Even as Jammu and Kashmir gears up to announce the winner of its legislative elections on Oct. 8, the local government will wield limited powers, constrained by a series of laws passed since 2019 that have reinforced the central government’s control over the region. Though the newly formed Jammu and Kashmir Legislative Assembly will have power to make some laws, the region will be headed still by a New Delhi-appointed governor, who wields substantial authority over public order, police, bureaucracy, anti-corruption measures, and financial matters.
The region, particularly the Kashmir Valley, has witnessed decades of violence since the 1988 insurgency that drew India and Pakistan into three wars. Since it came to power in 2014, Modi’s Bharatiya Janata Party (BJP) has asserted that its policies have brought development and democracy to Kashmir. However, people in the region have generally expressed anger over Modi’s revocation of Article 370, which consolidated power in the hands of nonlocals.

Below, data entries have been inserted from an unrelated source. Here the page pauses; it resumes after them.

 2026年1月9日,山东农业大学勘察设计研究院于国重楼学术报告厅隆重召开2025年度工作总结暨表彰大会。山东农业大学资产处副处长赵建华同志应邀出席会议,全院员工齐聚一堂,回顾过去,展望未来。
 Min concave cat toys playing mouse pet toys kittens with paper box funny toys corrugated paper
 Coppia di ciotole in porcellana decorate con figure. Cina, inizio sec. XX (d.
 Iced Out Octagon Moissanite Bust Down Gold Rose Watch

Meanwhile, other regional parties in Kashmir—including separatist groups such as Jamaat-e-Islami Kashmir (JeI), Tehreek-e-Hurriyat, and the Jammu Kashmir Liberation Front—have been banned or marginalized and many of their leaders imprisoned. The remaining dissidents in Kashmir have either changed their stance or stayed quiet out of fear of repression. Kashmiris are thus using this election season as an outlet for expressing frustration and anger by supporting local political parties or non-BJP candidates.

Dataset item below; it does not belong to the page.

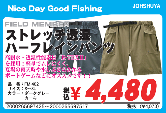FIELD MEMBER(フィールドメンバー)「ストレッチ透湿ハーフレインパンツFM-402」発売!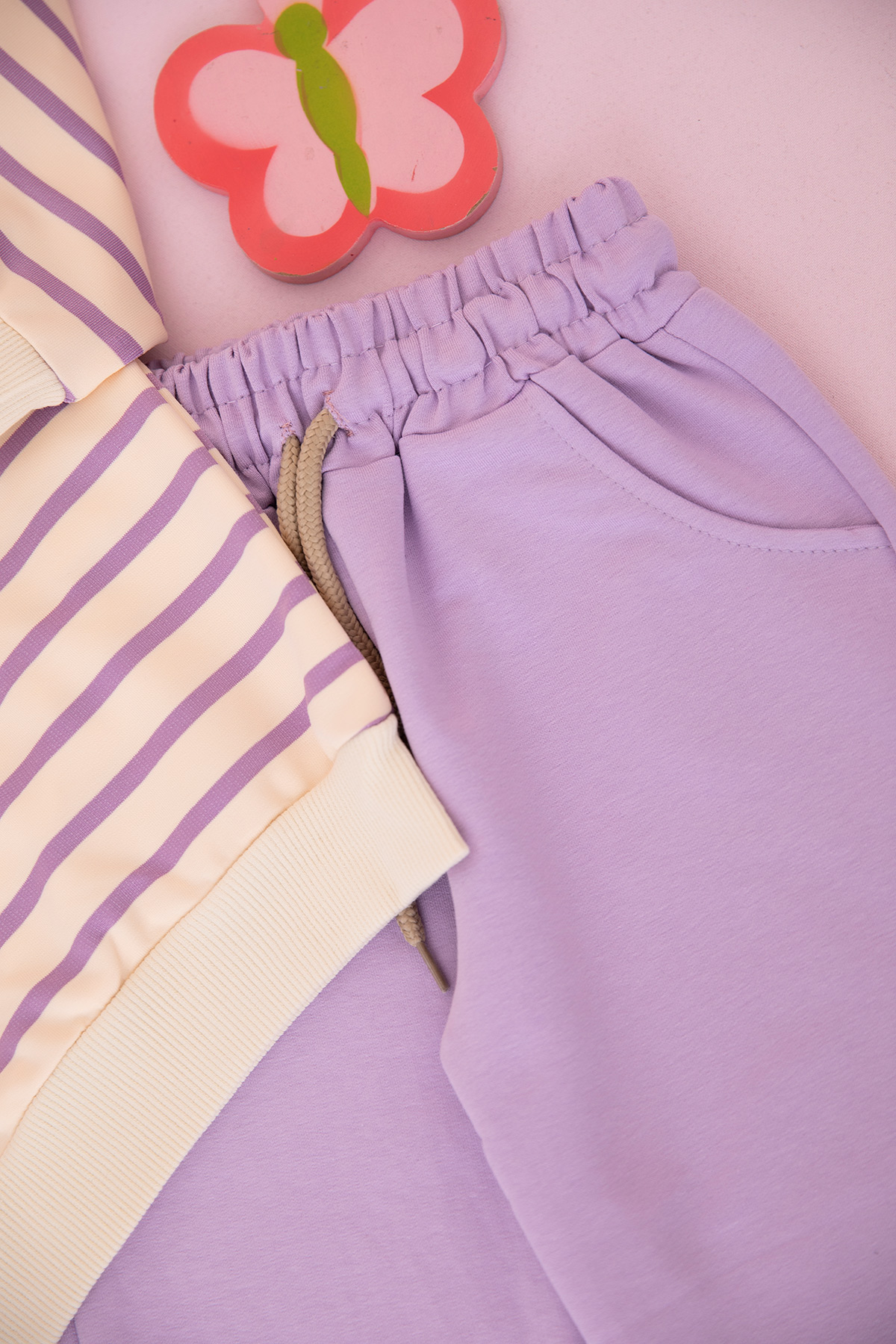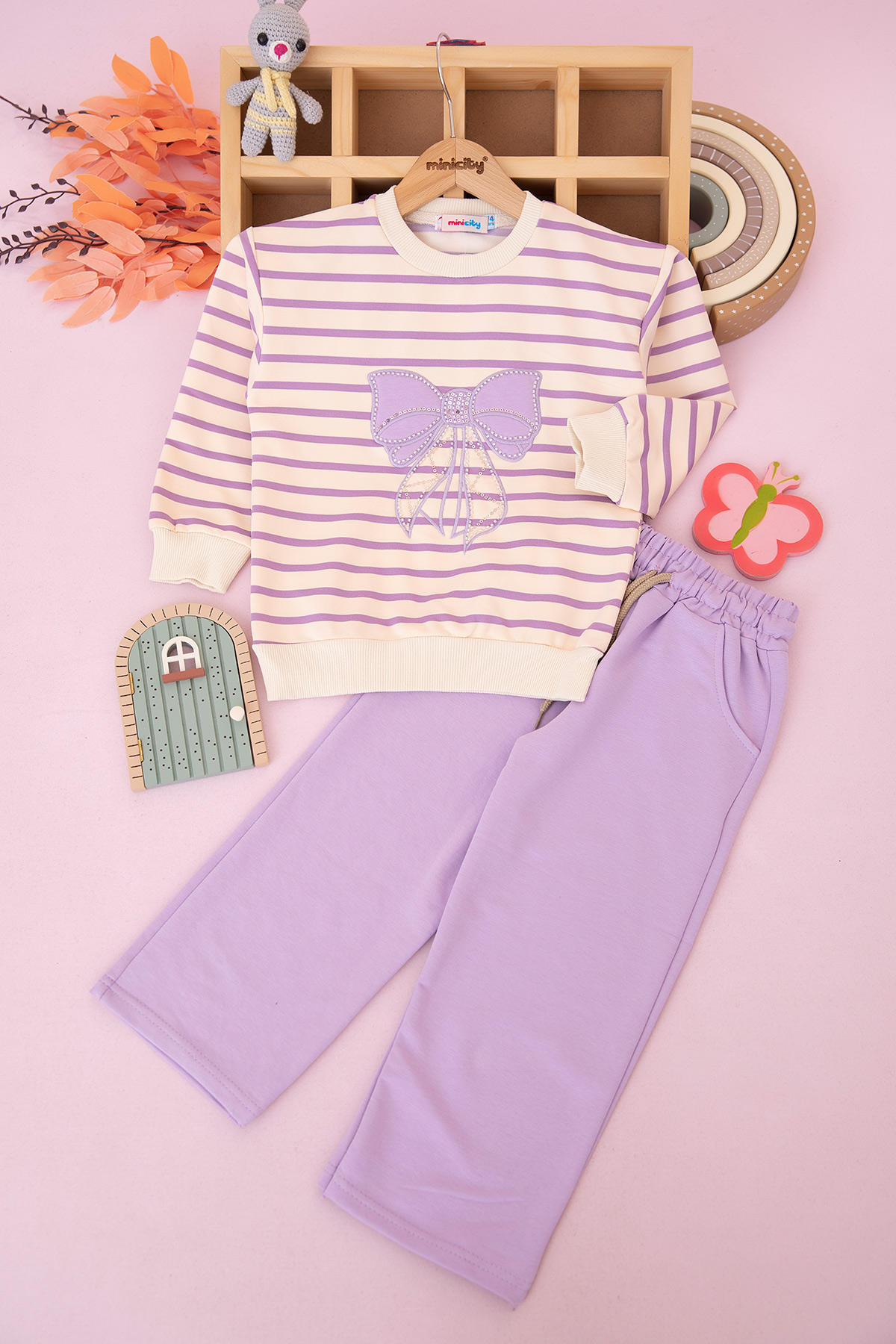 Kız Çocuk Çizgili Taşlı Kurdela Nakışlı Takım

To New Delhi, the elections represent a chance to signal that Kashmir has moved on from its long-standing demands for azadi, or freedom, and has instead flourished in the post-2019 environment. However, many separatist groups or individuals who previously boycotted elections, including some backed by the banned JeI, are now participating. Meanwhile, mainstream Kashmiri politicians are positioning themselves as the last line of defense against what they perceive as the BJP’s attempts to reshape the region’s political dynamics, urging voters to reject Modi’s narrative and promising to restore Kashmir’s autonomy.
Kashmir kick-started its phased elections on Sept. 18, with the second round of voting taking place on Sept. 25. The third and final round of voting will take place on Oct. 1, before results are announced a week later.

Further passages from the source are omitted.